Rowing is a fine form of exercise, but there are times when you would like the rowing to be something the boat can do on its own as you sit back with folded arms.

This is now possible with the introduction of Motorised Oars.
Here's how they work:
Rowing requires a set of repeated movements, with the oars pivoting and being held in place by the rollocks. The actual power is delivered near the end of the oar where the rower sits and this is where the motorised mechanical arms connect that can take over at any time.

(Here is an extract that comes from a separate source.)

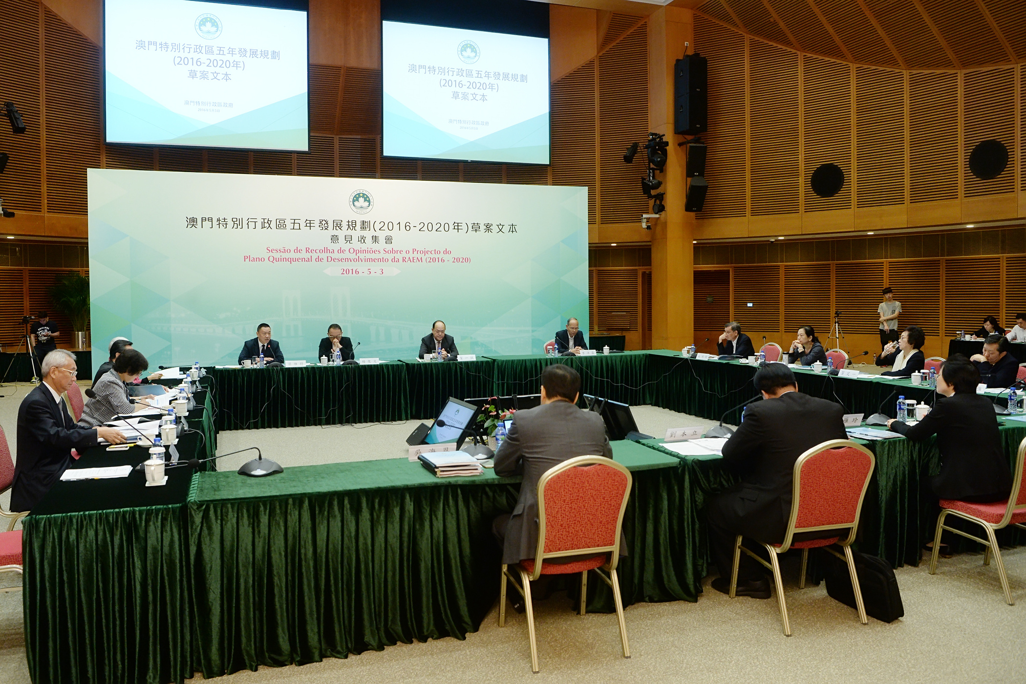 《澳門特別行政區五年發展規劃(2016-2020年)草案文本》於4月26日公佈並展開為期兩個月的意見收集工作。五年發展規劃是未來五年特區經濟社會發展的總體藍圖,是政府與廣大居民共同努力的行動綱領。因此,廣泛聽取社會各界意見、凝聚共識、匯合民力,對於五年發展規劃的制定和實施相當重要。為此,專責本次意見收集工作的政策研究室今日(3日)假澳門科學館會議廳舉行「澳區全國人大代表、全國政協委員專場意見收集會」,全國人大常委賀一誠、全國政協常委楊俊文,全國人大代表李沛霖、林笑雲、姚鴻明、高開賢、容永恩、梁玉華、梁維特,以及全國政協委員賀定一、林金城、黎振強出席了意見收集會,就五年發展規劃草案文本發表意見。政策研究室主任劉本立、行政長官辦公室顧問李雁玲及政策研究室副主任吳海恩出席了意見收集會,並聽取了有關的意見。

Their positioning is such that they don't restrict the movements of the human rower in any way.

Some analysis of the action of rowing will show that it's a repeated action, and therefore totally capable of being imitated by mechanical means.

A complex linkage attaches both oars to a powerful electric motor that's capable of rowing for the duration of the batteries. When the engine is disengaged, the linked oars move completely freely and normal rowing is not impeded.

Steering can be achieved by the rower pressing down on a simple right/left pedal mechanism while they otherwise sit back and relax to the sound of the quietly humming motor and oars dipping in and out of the water as the boat is propelled to its destination.
-- xenzag, Aug 01 2020

£12.99 https://www.jesters...ys/rowing-boat.html
[pocmloc, Aug 01 2020]

The basic concept has been commercially available for over a century, though perhaps not bigly enough to ride on unless you are very wee.
-- pocmloc, Aug 01 2020


Water conditions play a part so complex robotic sensing and motion would be involved.

I must admit it would be interesting to ride a full flight double scull, expending no energy, as a sole occupant. Although, the turning circle wouldn't be that great.
-- wjt, Aug 02 2020


// sit back and relax to the sound of the quietly humming motor //

Sp. "sit back and relax to the sound of the roaring powerplant, smell the heady odour of hot oil and partially burned hydrocarbon fuels, the yells and pleadings of the swimmers and other boaters desperately trying to avoid being run down ... "

Then again, steam launches are pretty neat. Not fast, but fun, comparatively quiet - allowing a stealthy approach - and the screeching whistle can shock windsurfers enough that they fall off their boards.